勇者、か……
「勇者、か……」
魔王の敵……。
ヤマダさんが死んだのだとしたら、それは勇者の手によって……。
嫌な想像が頭を過った。
一体どれだけ恐ろしことが書き記されているのか……。
想像も出来ない。
今読んだページに少し勇者に関しての説明があったが、それだけで強さがわかるというものだ。

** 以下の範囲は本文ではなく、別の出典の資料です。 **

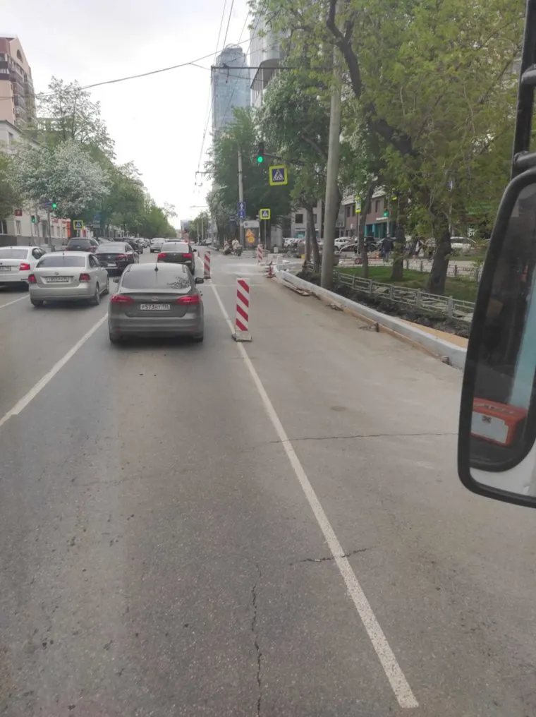 На улице Белинского в Екатеринбурге образовалась пробка от улицы Куйбышева до Малышева. Об этом URA.RU сообщили очевидцы, предположившие, что транспортный коллапс связан с установкой поребриков.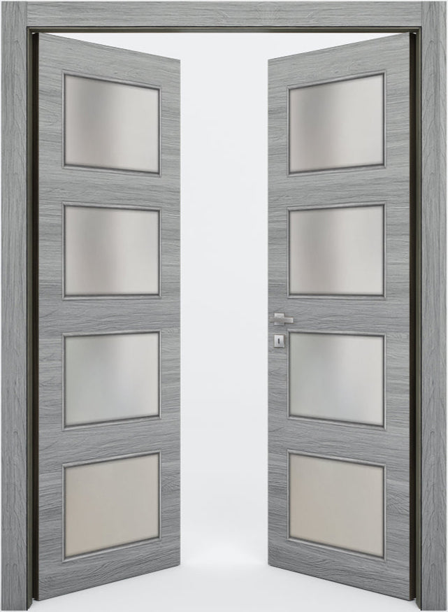 The Braga 4-Lite door in Olmo Matrix by Nova Doors captures a delicate balance between soft sophistication and clean architectural lines. Its Olmo Matrix finish, a calming blend of light gray and off-white tones, introduces an airy, modern touch while retaining a subtle woodgrain texture that adds warmth and dimension. This finish makes it ideal for spaces that prioritize brightness, harmony, and understated elegance.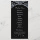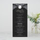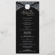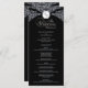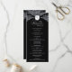 This wedding program features a bold black background framed with ornate white damask flourishes, giving it a formal and timeless style. At the top, a decorative crest displays the initials, while the center of the design presents the couple’s names and all wedding service details in a clean, organized layout. The contrast of black and white creates a striking look that emphasizes elegance and sophistication, making it a perfect choice for traditional or evening weddings.
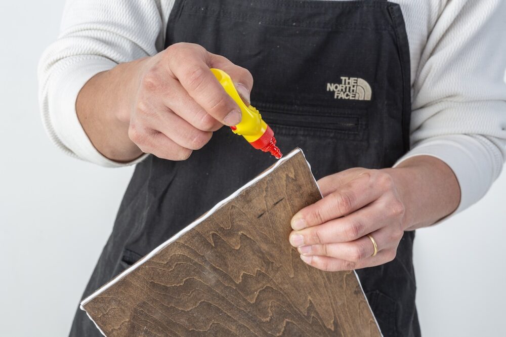まずベニア板の側面4面に、仮留め用の木工用ボンドを付けて写真のように外枠を装着。乾くまで待つ。4面に押さえをしておくと固定できる。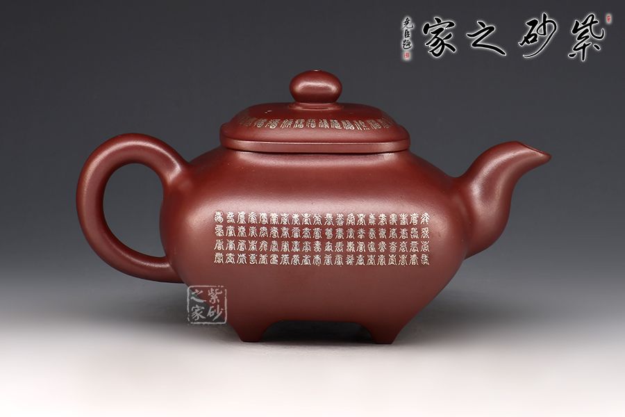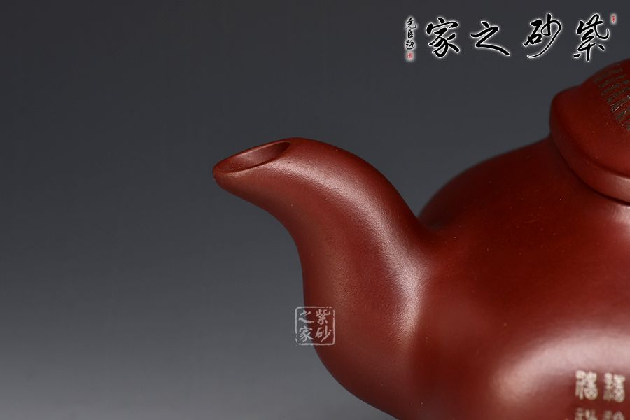 傳爐是經(jīng)典的方器造型,其制造型取材于青銅器,器身形狀以方器為基本型,但方中寓圓,比一般方器多了一份圓潤之美。彎流壺嘴曲折有致,出水流暢;壺蓋制作精良,面面俱到。此壺敦厚樸實(shí),風(fēng)格雅致,隱隱有古風(fēng)韻。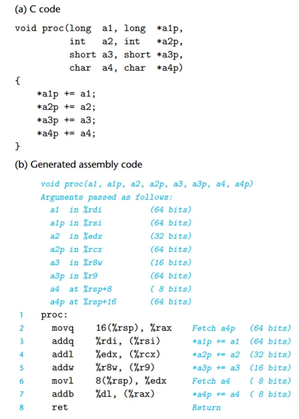 my_func(long a, int b);a는 %rdi 레지스터에 저장됩니다.b는 %esi 레지스터에 저장됩니다.함수에 전달할 인자가 6개를 초과할 경우, 7번째 인자부터는 스택을 통해 전달됩니다.

敵を知り己を知れば百戦危うからず。とは言うが、戦う前に戦意が挫けてしまうかもしれない。
ページを捲るのが何だか恐ろしくなった。
でも、読まないわけにはいかない。
前の魔王が死んだ原因が間違いなくそこにある。
俺はゆっくりパラパラとページを捲り、気持ちを落ち着けてから、勇者の項目に目を通した。
すごくどうでもいい余談。
ホラー映画が嫌いなのにいつも見たがる友人がいた。顔の前に手を翳して、指の隙間から画面を見ていた。「結局見てんじゃねーか!」と言うと「だって気になるんだもん!」と怒られた。怖いもの見たさ。というやつらしい。そういう好奇心があるのは不思議だが、未知のものを知っておかなければと思う人間の本能なのかもしれない。だが私などは結構な怖がりだから未だに「呪怨」とか見ていなかったりする。「へレディタリー」や「ミッドサマー」など、映画が好きなので気になっている作品はあるものの、これ絶対に怖いよなぁとビビっているので中々見ることがない。まあそんな作品に限ってある日突然吹っ切れて一気に見たりするのだが。それはそれとして最近面白かったホラーは「イット・フォローズ」である。このアイデアには感心した。怪物と言うか幽霊というか特定の条件を満たすと「それ」がずっと対象を追尾してくるのだがこの「それ」というのがどこにでもいそうでありながら、明らかに画面から浮いた存在感を放っているので、画面の端に映る度にゾクゾクした。ラストのワンシーンも見事。青春ホラーとしてかなり楽しめた。なにか適当なホラーを見たい。と思っている方に是非オススメしたい一本である。ちなみに個人的に一番「ひぇ〜〜〜」となったのは「ミザリー」である。人間が一番怖いよぉ。という系統の作品だが、終始緊張感があって見応えがあった。また、軽い気持ちで見たいなら「キャビン」をオススメする。ホラー設定を非常に上手く利用した作品であり、私は爆笑した。